Atrial fibrillation with a rapid ventricular response is also very common in relation to neurological disease, particularly in older age groups. In the neuro-ICU, pain, infections, intravascular volume overload, and neurological injuries such as SAH are the most common precipitants. The rapid ventricular response is usually the most urgent issue, because the high rate may precipitate coronary ischemia or compromise cardiac function. Short-acting
β-adrenergic blockers such as labetalol and esmolol can be used by i.v. bolus or continuous infusion. Diltiazem also is quite effective as an infusion that can be titrated to achieve rate control and is the approach we have preferred. The major limitation of β-blockade and calcium channel antagonists in the neurological patients relates to the induced hypotension that often accompanies doses adequate to slow rate. There is also some concern that certain calcium antagonists may increase intracranial pressure; however, the clinical effects have been minor in our experience. When hypotension must be avoided in order to maintain tenuous cerebral perfusion (e.g., soon after an ischemic stroke), treatment with digoxin may be preferable. The effects of digoxin, of course, are slower, requiring several hours, and may not always be effective, but the lack of associated hypotension makes it valuable in care of the neurological patient.
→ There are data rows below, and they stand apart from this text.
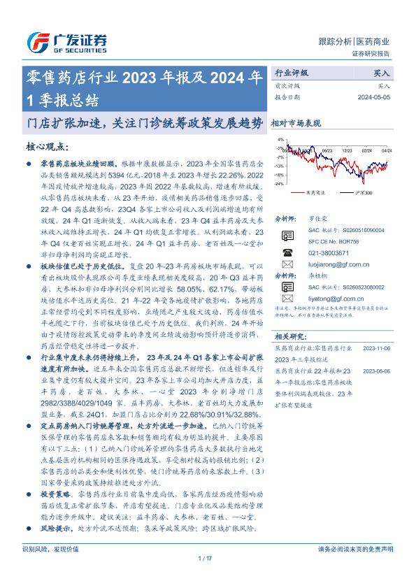【广发证券】【20240505】零售药店行业2023年报及2024年1季报总结:门店扩张加速,关注门诊统筹政策发展趋势-17页
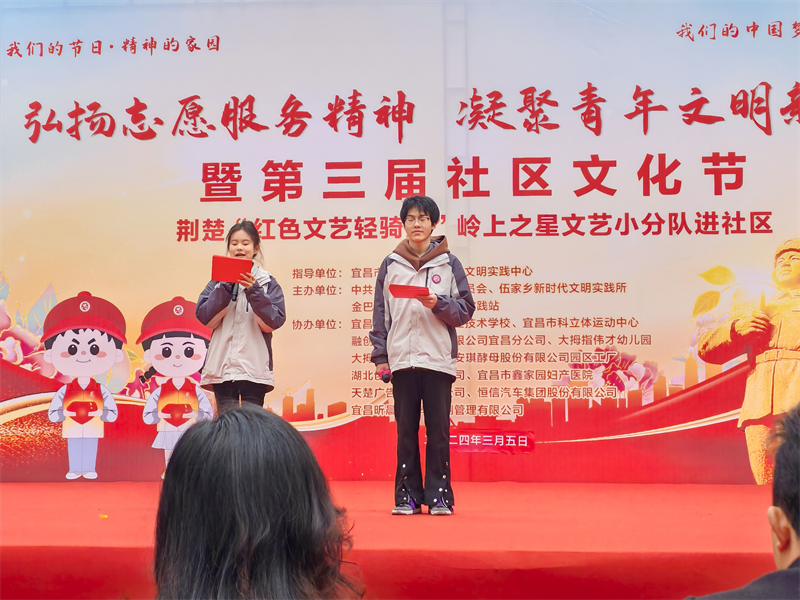 3月5日下午,校团委带领学生志愿者前往金巴岭社区协助开展以“弘扬志愿服务精神 凝聚青年文明新风尚”为主题的第三届社区文化节,此次文化节由我校2301班的邢居荣和2205班的陈雅萌主持,2211班的程园园、胡睿婕、李雨琦和韩思语进行开场大鼓的表演,不仅让居民们感受到现代学子的热情,也感悟到了雷锋精神的时代意义和精神价值。
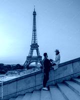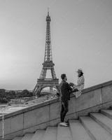 Young couple by Eiffel tower at Sunrise, Paris Eifel tower Sunrise man woman in love, valentine
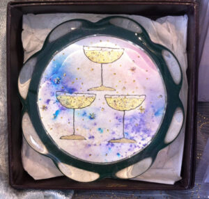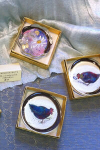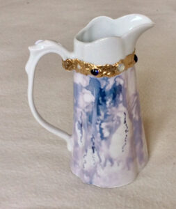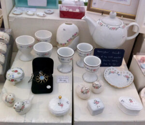 A very steady hand and much patience are needed in order to achieve the delicate touch required for such fine work, where the depth is built up gradually by layers of paint applications, with a kiln firing following each. Sometimes an edging of 22ct gold is added to give that final finish to a beautiful piece. Occasionally I also use metallic lustres and dichroic glass. Typically I display hand-painted, high quality fine china or porcelain pieces, such as vases, teapots, egg cups and trinket boxes, alongside other decorative items.

Ventricular tachycardias are less frequent than are atrial ones in the neuro-ICU, but their implications and potential for severe hypotension underscores their importance. Isolated premature ventricular contractions (PVCs) are seen commonly in many monitored patients, and rarely require treatment. The use of dopamine as a vasopressor agent may be associated with more frequent PVCs and at some point the ventricular irritability mandates the use of alternate agents. The Lown classification (
Table 5.2) has long been used to grade ventricular ectopy in terms of potential morbidity and risk of cardiac sudden death. Although much more sophisticated information can now be gathered by electrophysiologic studies, this classification still provides a simple and useful guide (
10,
11). Low-grade ectopy (grades I and II), usually are benign; treatment usually is considered in grade III and IV arrhythmias.
Ventricular flutter and fibrillation are most commonly seen in patients with underlying ischemic heart disease. Prolonged Q-T intervals are a risk for ventricular ectopy. This circumstance arises with hypokalemia and in relation to some medications, including phenothiazines and tricyclic antidepressants. The ventricular tachycardias are emergent problems for which management protocols are essential.
A specific type of ventricular tachycardia, torsade de pointes, is also related to Q-T prolongation and deserves special mention because it has been reported in relation to acute neurological injuries such as SAH and cranial trauma (
12,
13). Repletion of potassium and magnesium is critical and low-dose β-blockade may be helpful. Careful monitoring and support are essential until the arrhythmia ceases and the Q-T interval shortens.